Topic: pattern matching

view this post on Zulip pianke (Sep 08 2023 at 16:24):

I have three natural numbers tot , a , b and nat list l. Such that tot = a x b.
H: tot > 0
H1: a = 1
H2: 1 < b
f (a b tot l)
matching tot
recursively call f (a b tot' l).
Since pattern matching is based on number(tot). Therefore, I want to write tot in terms of equality (tot=2,tot=3...). In above case tot <=2 . How i can use it in pattern matching or some othere way to solve it?

view this post on Zulip k32 (Sep 08 2023 at 17:45):

I am not sure I understood your question correctly, but comparison of Peano numbers is decidable, therefore you can apply this lemma to a pair of numbers, for example, and it will return a term that you can destruct, obtaining three branches where a < b, a = b, and a > b.

view this post on Zulip k32 (Sep 08 2023 at 18:35):

Or was it a question about creating a hypothesis of type tot = n while doing recursion on tot? This can be done via extended pattern matching:

Fixpoint f tot  :=
  match tot as n return tot = n -> True with
  | 0   => fun (Htot : tot = 0) => < something...>
  | S n => (fun (n0 : nat) (Htot : tot = S n0)  => <...> f n0) n
  end (eq_refl tot).

Or, more conveniently, like this:

Fixpoint foo (tot : nat) : <return type>.
  remember tot as n.
  destruct n.
  - exact (do_something).
  - ...

Sorry, it isn't clear to me what you're trying to achieve.

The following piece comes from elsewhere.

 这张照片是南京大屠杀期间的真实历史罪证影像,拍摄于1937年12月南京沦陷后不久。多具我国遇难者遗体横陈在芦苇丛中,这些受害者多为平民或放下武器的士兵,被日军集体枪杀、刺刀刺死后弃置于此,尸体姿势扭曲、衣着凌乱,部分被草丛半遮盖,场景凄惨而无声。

view this post on Zulip pianke (Sep 10 2023 at 16:47):

Q1) By using H1 and H2 ,how i can define tot according to definition(tot = axb)
Q2) I want to define tot in such a way that i can perform pattern matching on it and decrease it on each recursive call.
Want to creating a hypothesis of type tot = n from existing hypothesis.

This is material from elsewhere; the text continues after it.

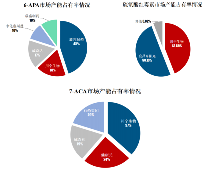 根据招股书显示,川宁生物硫氰酸红霉素的市场产能占有率(简称市占率)43.86%,仅次于国内最大的硫氰酸红霉素生产企业,几乎打下半壁江山;青霉素类中间体6-APA的市占率为18%,领先于常盛制药、中化帝斯曼及威奇达,身居二把手之位;头孢类中间体7-ACA的市占率37%,遥遥领先于石药集团、健康元及威奇达,以老大稳稳自居。

view this post on Zulip k32 (Sep 10 2023 at 21:26):

Ok, I think my second message does pretty much what you want. The idea is that we treat tot as a regular Peano nat, so it's possible to do pattern-matching on it as usual, but in addition we create a hypothesis Htot : tot = <n>. Obviously, recursion will eventually reach the cases when Htot : tot = 1 and Htot : tot = 0, but if you have hypothesis of type tot > 2 in the context, then you can discharge these cases by contradiction.

view this post on Zulip Pierre Castéran (Sep 11 2023 at 06:37):

I'm not sure I understand the original post.

The problem with too informally stated questions is that we lack necessary information to give an appropriate answer.

That's the reason why we ask for re-playable scripts (a.k.a. minimal working examples) in Coq forums
(please look at this paragraph of Coq's code of conduct ).

If you quote the script you are working on (or send a gist link), we could discuss on the best way to declare your variables and define the function f.

Last updated: Jun 22 2024 at 16:02 UTC